[DATA SUPPLIED]
[Start of Attachment]
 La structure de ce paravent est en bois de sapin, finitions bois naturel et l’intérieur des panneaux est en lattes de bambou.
[End of Attachment]
[Start of Attachment]
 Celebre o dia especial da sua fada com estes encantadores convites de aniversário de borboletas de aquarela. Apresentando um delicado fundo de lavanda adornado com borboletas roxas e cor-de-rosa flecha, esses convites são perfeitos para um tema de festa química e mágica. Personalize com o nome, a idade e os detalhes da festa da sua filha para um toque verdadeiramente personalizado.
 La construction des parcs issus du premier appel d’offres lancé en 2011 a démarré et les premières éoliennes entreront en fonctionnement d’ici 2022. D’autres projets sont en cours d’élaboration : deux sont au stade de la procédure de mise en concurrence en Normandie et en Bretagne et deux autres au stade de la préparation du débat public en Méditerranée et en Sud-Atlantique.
[End of Attachment]
[WHAT YOU WILL DO] Only the lines from the one containing "Celebre o dia" through the one containing "La construction des" are to be retyped, both boundary lines included, with no other material.

[RESPONSE BOX]
 Celebre o dia especial da sua fada com estes encantadores convites de aniversário de borboletas de aquarela. Apresentando um delicado fundo de lavanda adornado com borboletas roxas e cor-de-rosa flecha, esses convites são perfeitos para um tema de festa química e mágica. Personalize com o nome, a idade e os detalhes da festa da sua filha para um toque verdadeiramente personalizado.
 La construction des parcs issus du premier appel d’offres lancé en 2011 a démarré et les premières éoliennes entreront en fonctionnement d’ici 2022. D’autres projets sont en cours d’élaboration : deux sont au stade de la procédure de mise en concurrence en Normandie et en Bretagne et deux autres au stade de la préparation du débat public en Méditerranée et en Sud-Atlantique.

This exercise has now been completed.